Chromatin Landscape During Skeletal Muscle Differentiation

Abstract

Cellular commitment and differentiation involve highly coordinated mechanisms by which tissue-specific genes are activated while others are repressed. These mechanisms rely on the activity of specific transcription factors, chromatin remodeling enzymes, and higher-order chromatin organization in order to modulate transcriptional regulation on multiple cellular contexts. Tissue-specific transcription factors are key mediators of cell fate specification with the ability to reprogram cell types into different lineages. A classic example of a master transcription factor is the muscle specific factor MyoD, which belongs to the family of myogenic regulatory factors (MRFs). MRFs regulate cell fate determination and terminal differentiation of the myogenic precursors in a multistep process that eventually culminate with formation of muscle fibers. This developmental progression involves the activation and proliferation of muscle stem cells, commitment, and cell cycle exit and fusion of mononucleated myoblast to generate myotubes and myofibers. Although the epigenetics of muscle regeneration has been extensively addressed and discussed over the recent years, the influence of higher-order chromatin organization in skeletal muscle regeneration is still a field of development. In this review, we will focus on the epigenetic mechanisms modulating muscle gene expression and on the incipient work that addresses three-dimensional genome architecture and its influence in cell fate determination and differentiation to achieve skeletal myogenesis. We will visit known alterations of genome organization mediated by chromosomal fusions giving rise to novel regulatory landscapes, enhancing oncogenic activation in muscle, such as alveolar rhabdomyosarcomas (ARMS).

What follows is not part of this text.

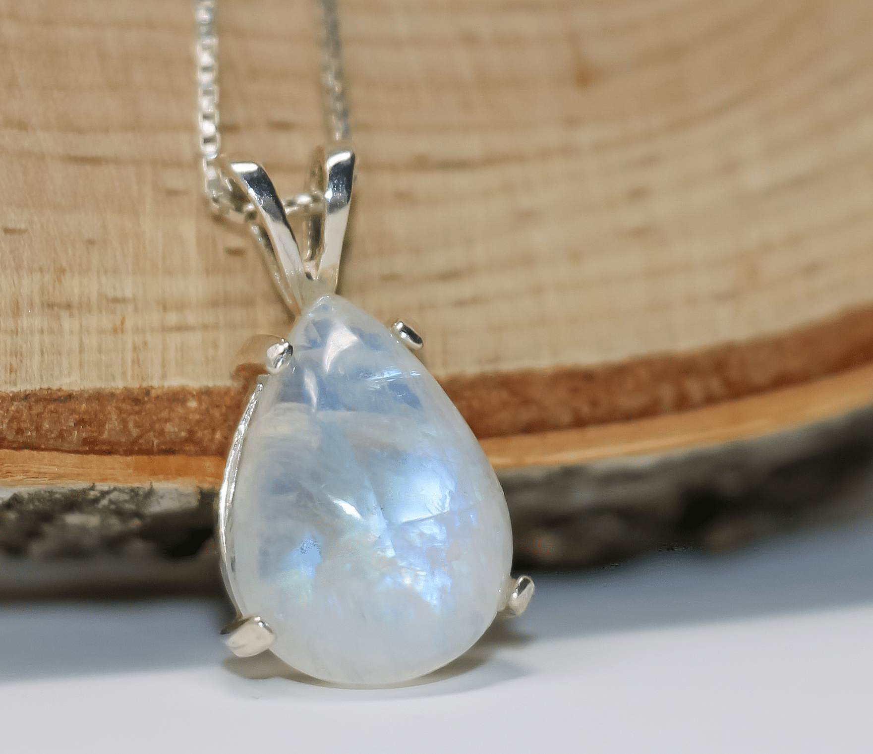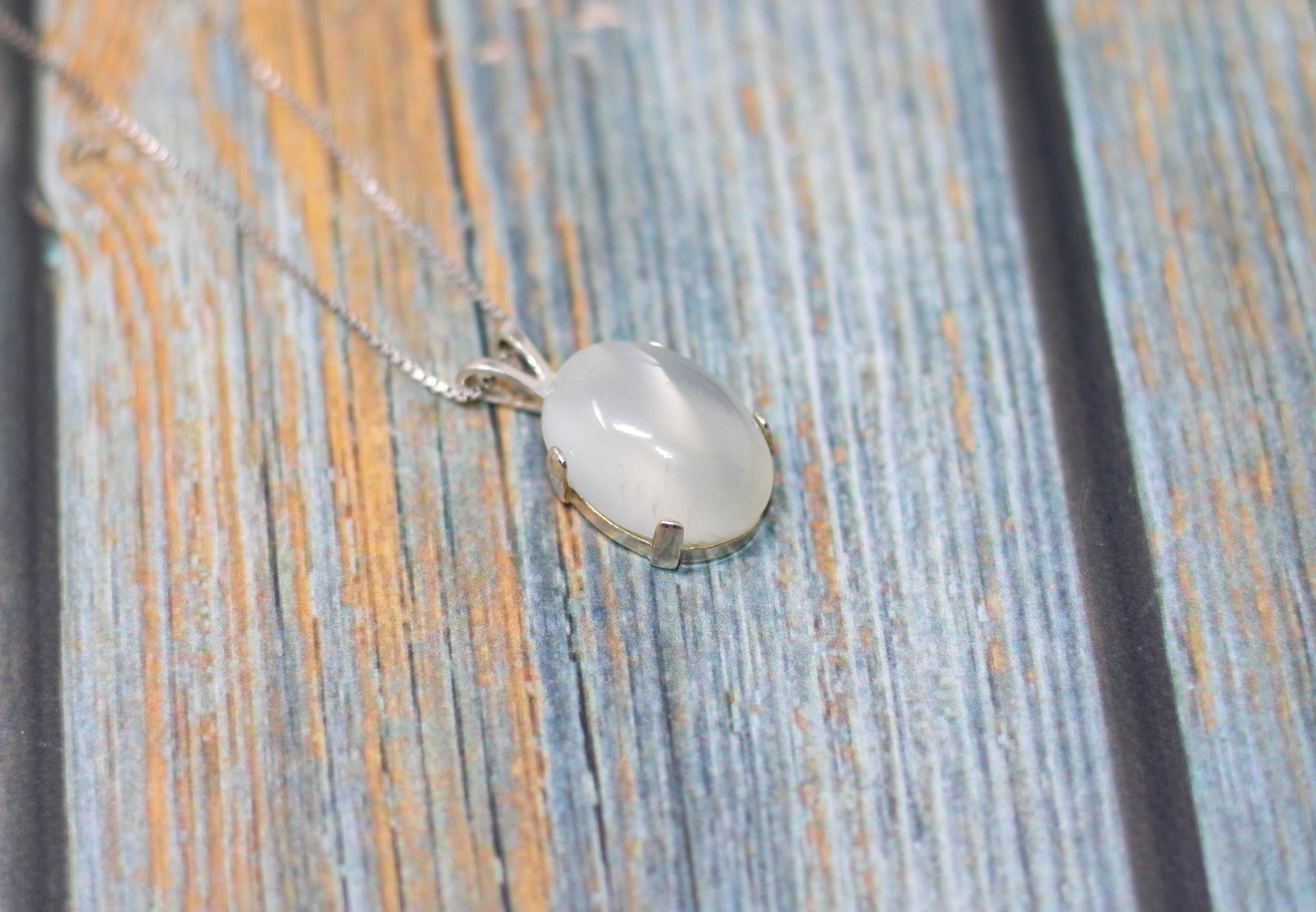 White Moonstone Necklace | Silver Moonstone Pendant

Keywords: MyoD; muscle regeneration; myogenesis; myogenic regulatory factors; satellite cells.

Figure 1

Schematic representation of skeletal muscle differentiation. Muscle regeneration is possible thanks to the functionality of adult muscle stem cells and the satellite cells. In homeostatic conditions, satellite cells are in a quiescent state, and after different stimulus caused by damage, they proliferate to generate myogenic precursors and to repopulate the satellite cell niche. Myoblasts express markers of muscle identity and fuse to each other to generate myotubes and myofibers, to eventually repair the damaged muscle fiber.

Figure 2

MyoD dependent trans-differentiation drives changes in chromatin interaction. Schematic representation of chromatin changes that MyoD drives during somatic reprogramming toward trans-differentiation. While MyoD erases the cell of origin transcriptional program by altering insulated neighborhoods that allow – among many others – TGF-β promoter-enhancer contacts in fibroblasts, it also activates skeletal myogenesis through reconfiguration of chromatin interactions that involves cis-regulatory and structural genomic elements and temporally precedes transcriptional regulation of muscle genes.